-- Opening Marker --
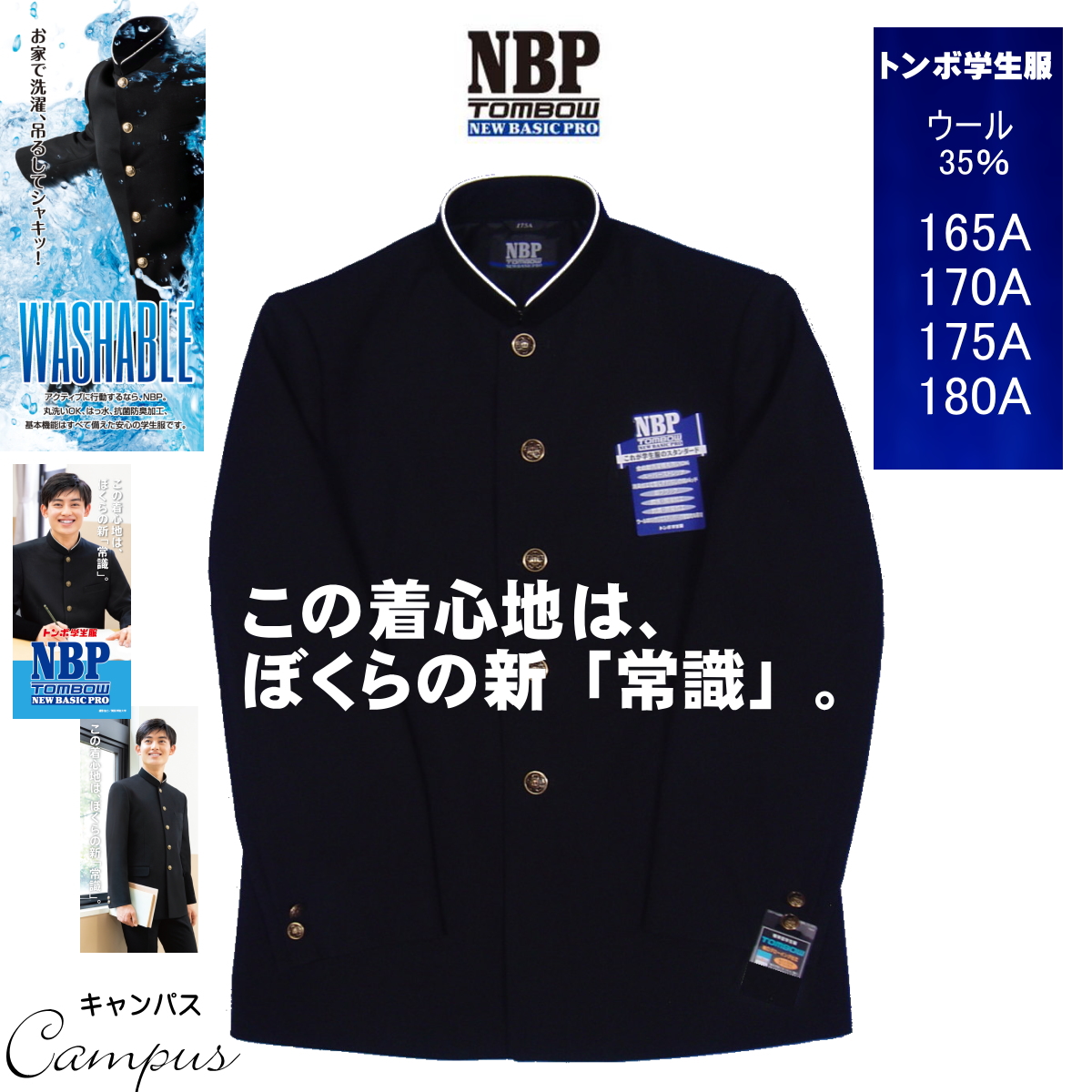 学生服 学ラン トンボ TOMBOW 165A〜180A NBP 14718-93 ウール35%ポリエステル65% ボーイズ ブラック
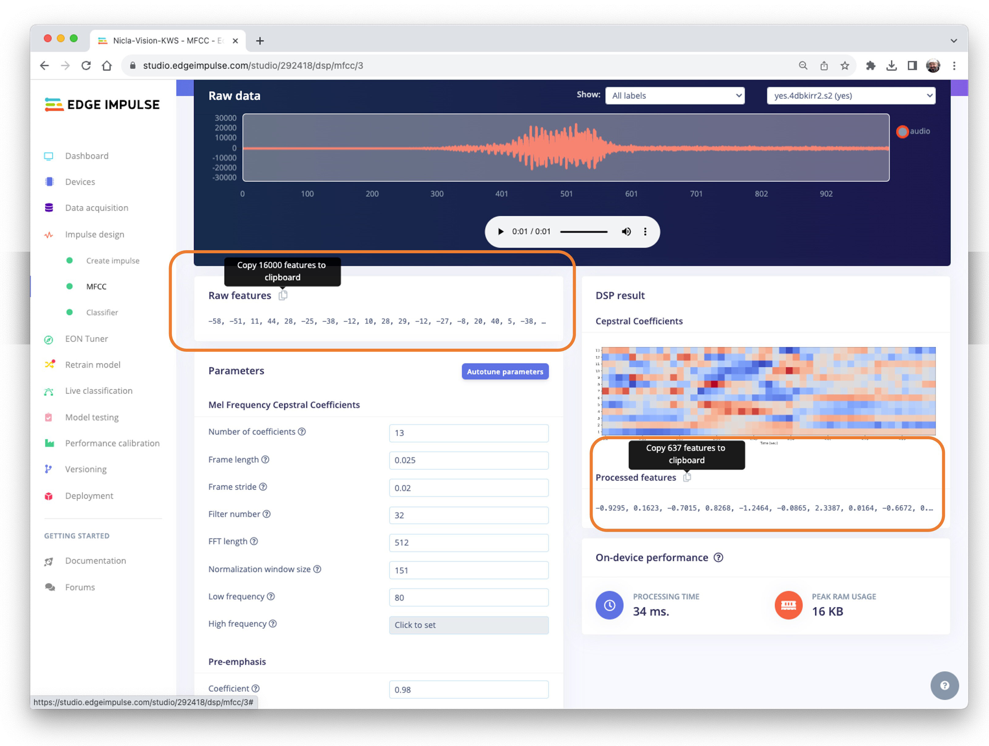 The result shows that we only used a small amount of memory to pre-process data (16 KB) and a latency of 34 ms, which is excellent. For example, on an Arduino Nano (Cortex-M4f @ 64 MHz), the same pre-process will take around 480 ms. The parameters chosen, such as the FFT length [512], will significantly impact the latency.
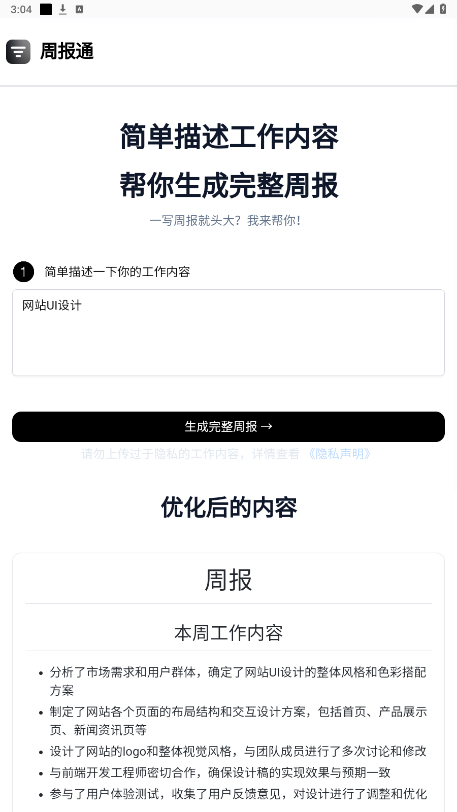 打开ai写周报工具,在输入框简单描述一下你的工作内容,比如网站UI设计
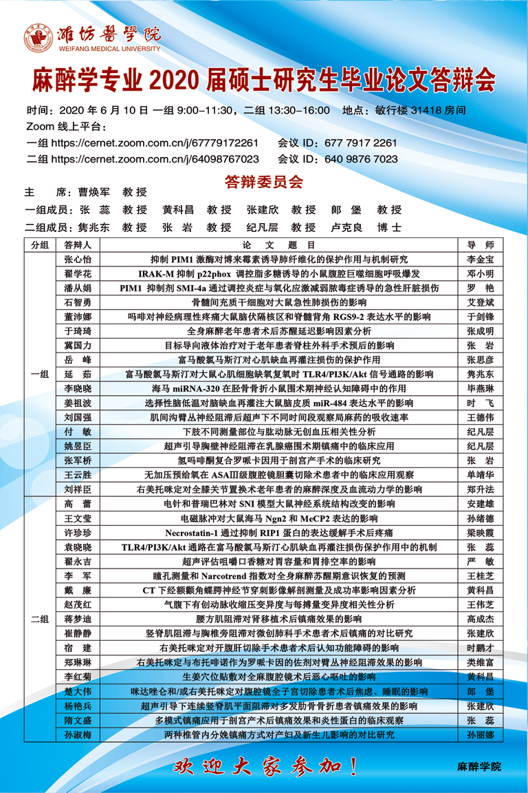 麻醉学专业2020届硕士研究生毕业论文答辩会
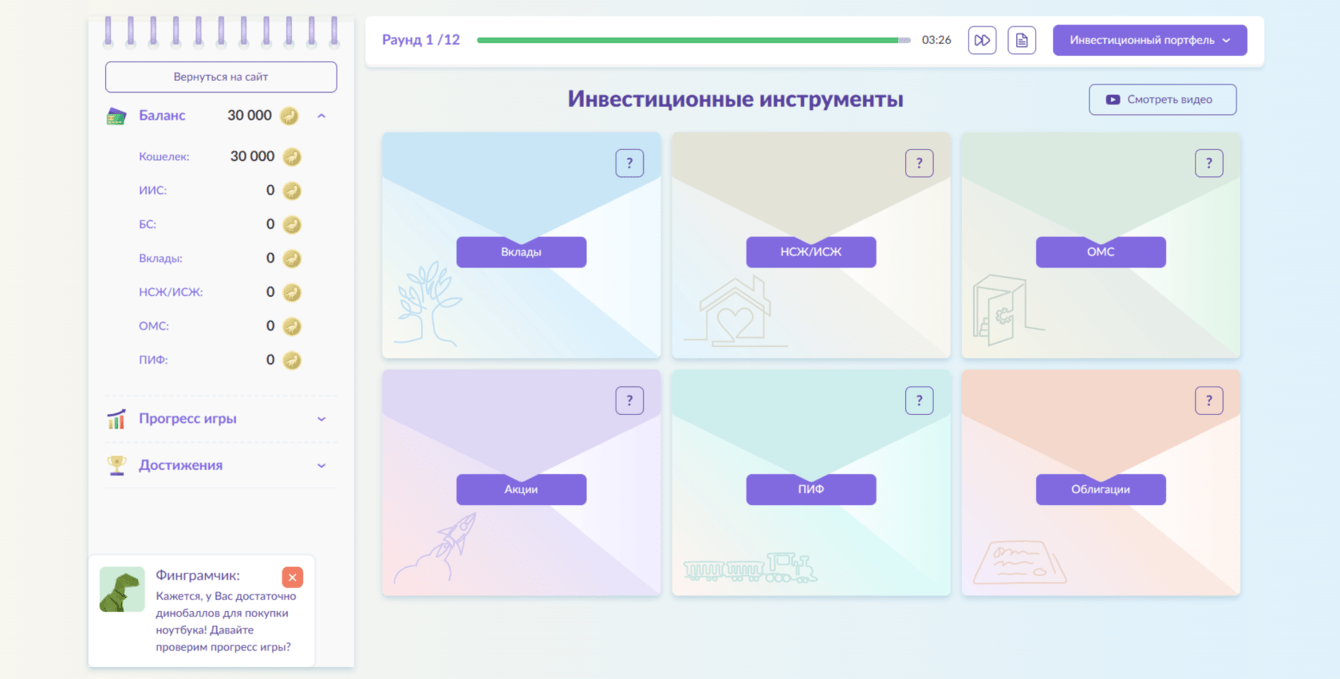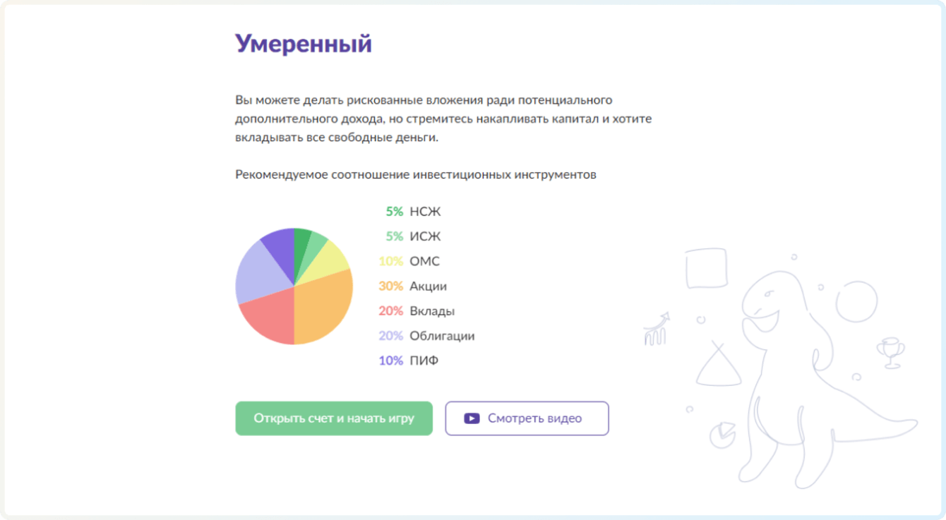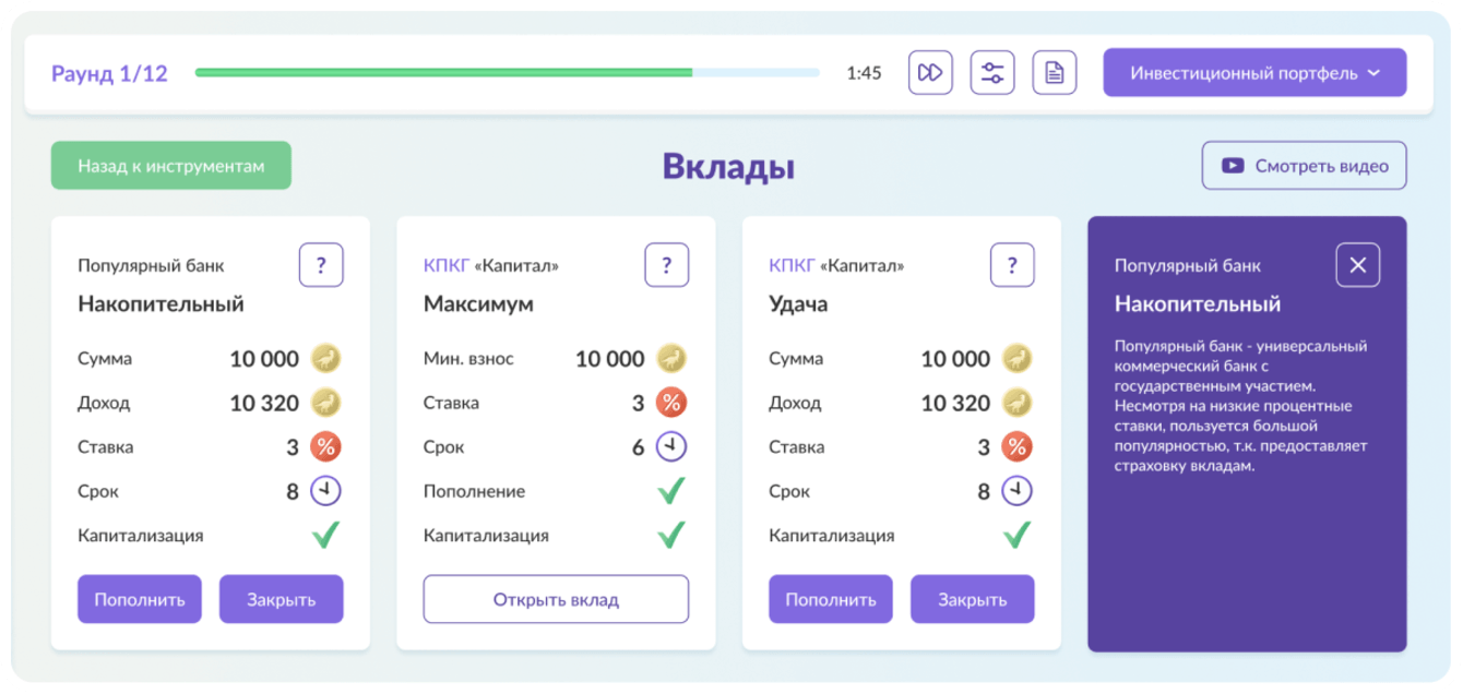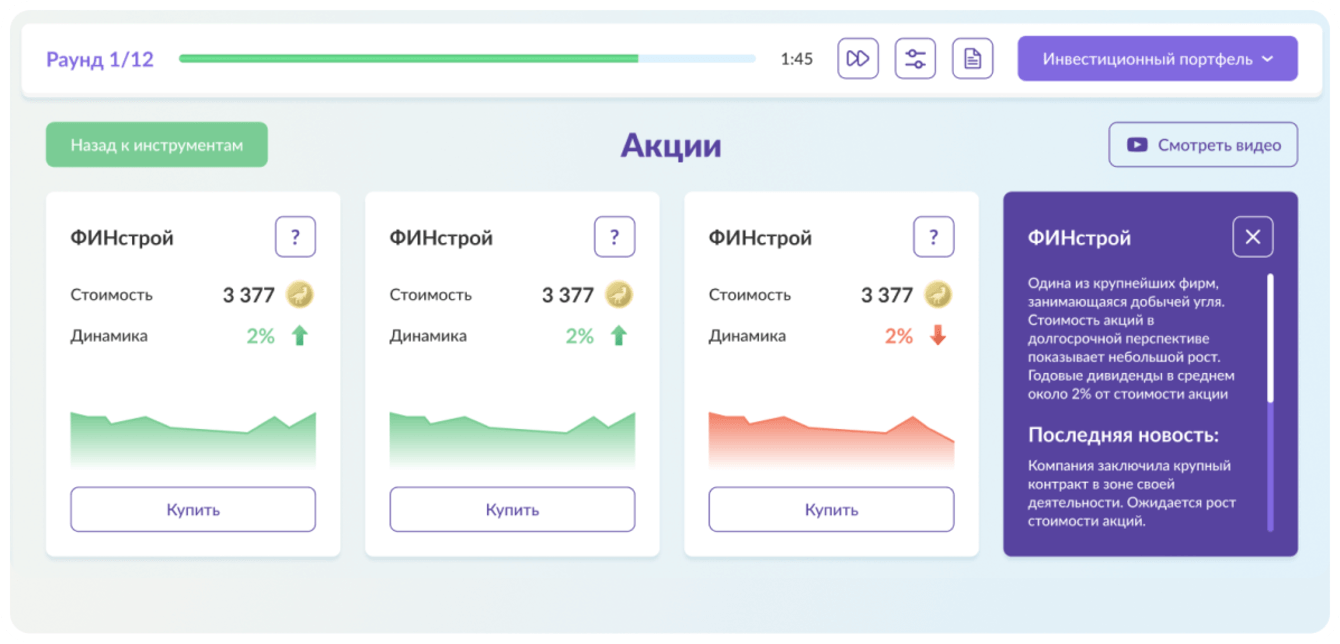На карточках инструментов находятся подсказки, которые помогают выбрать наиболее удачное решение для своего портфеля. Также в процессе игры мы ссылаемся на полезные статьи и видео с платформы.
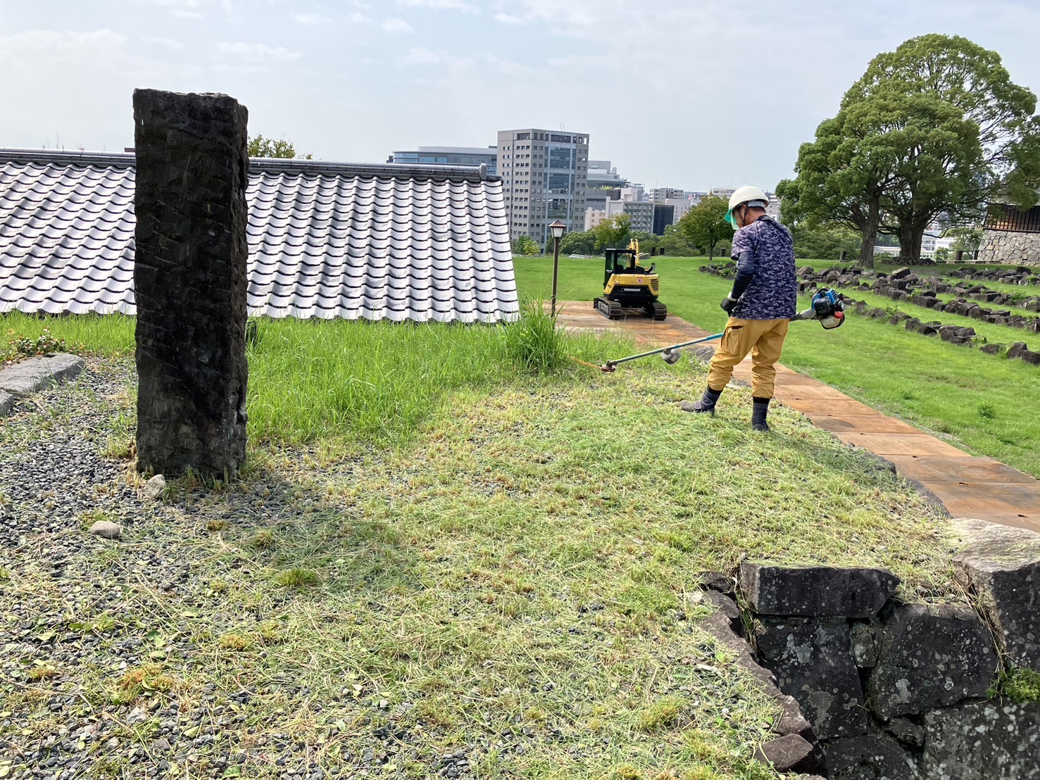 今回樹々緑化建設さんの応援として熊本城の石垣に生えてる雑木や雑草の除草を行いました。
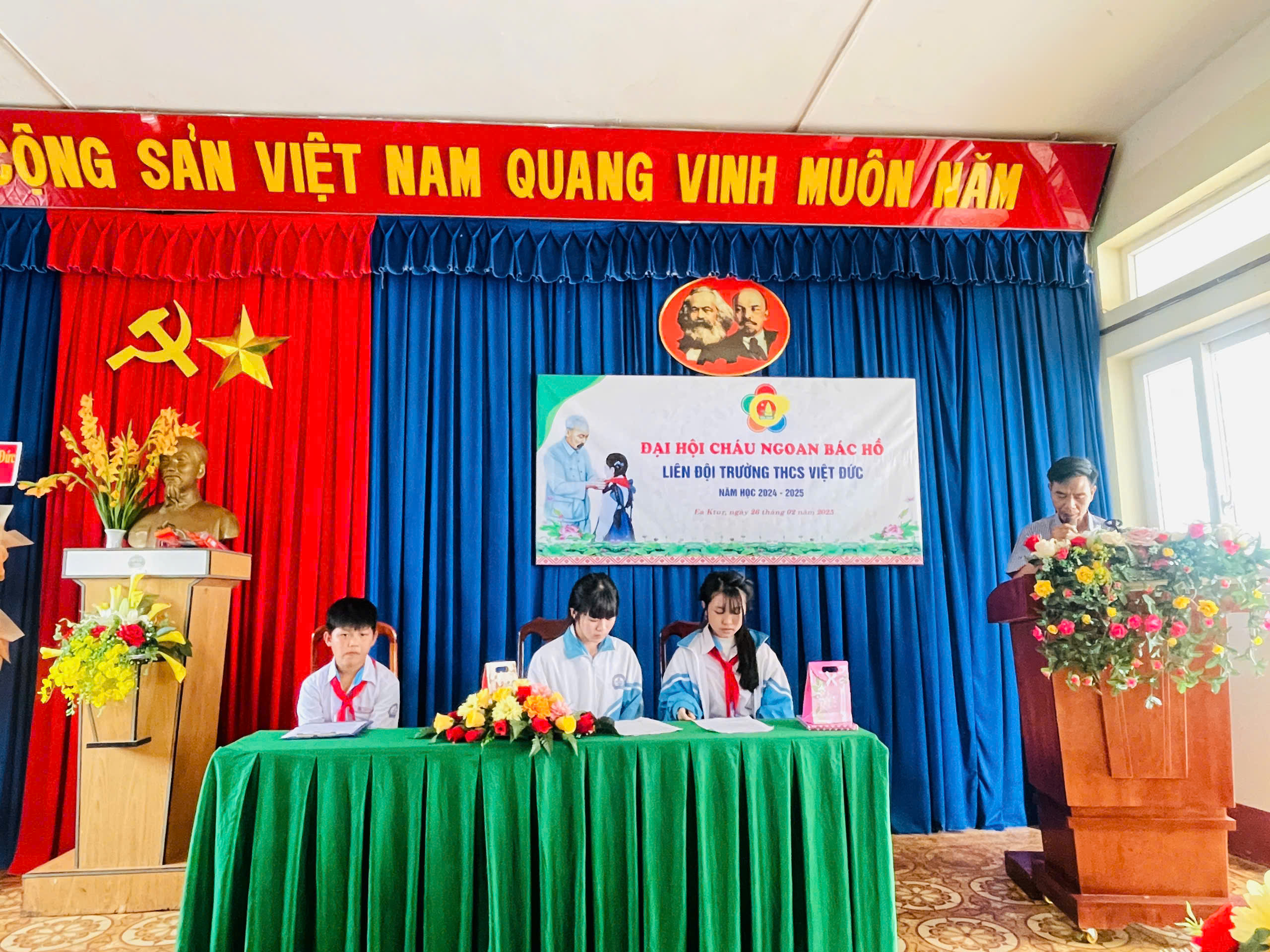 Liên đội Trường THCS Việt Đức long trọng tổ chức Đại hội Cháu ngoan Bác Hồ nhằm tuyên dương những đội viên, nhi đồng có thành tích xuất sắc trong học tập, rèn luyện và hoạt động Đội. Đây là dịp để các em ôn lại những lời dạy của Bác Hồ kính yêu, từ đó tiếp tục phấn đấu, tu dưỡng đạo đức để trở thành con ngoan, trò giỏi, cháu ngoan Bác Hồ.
-- Closing Marker --
About this exercise — Transcribe the whole listing exactly as it stands, apart from the pictures.

Task result —
 学生服 学ラン トンボ TOMBOW 165A〜180A NBP 14718-93 ウール35%ポリエステル65% ボーイズ ブラック
 The result shows that we only used a small amount of memory to pre-process data (16 KB) and a latency of 34 ms, which is excellent. For example, on an Arduino Nano (Cortex-M4f @ 64 MHz), the same pre-process will take around 480 ms. The parameters chosen, such as the FFT length [512], will significantly impact the latency.
 打开ai写周报工具,在输入框简单描述一下你的工作内容,比如网站UI设计
 麻醉学专业2020届硕士研究生毕业论文答辩会
На карточках инструментов находятся подсказки, которые помогают выбрать наиболее удачное решение для своего портфеля. Также в процессе игры мы ссылаемся на полезные статьи и видео с платформы.
 今回樹々緑化建設さんの応援として熊本城の石垣に生えてる雑木や雑草の除草を行いました。
 Liên đội Trường THCS Việt Đức long trọng tổ chức Đại hội Cháu ngoan Bác Hồ nhằm tuyên dương những đội viên, nhi đồng có thành tích xuất sắc trong học tập, rèn luyện và hoạt động Đội. Đây là dịp để các em ôn lại những lời dạy của Bác Hồ kính yêu, từ đó tiếp tục phấn đấu, tu dưỡng đạo đức để trở thành con ngoan, trò giỏi, cháu ngoan Bác Hồ.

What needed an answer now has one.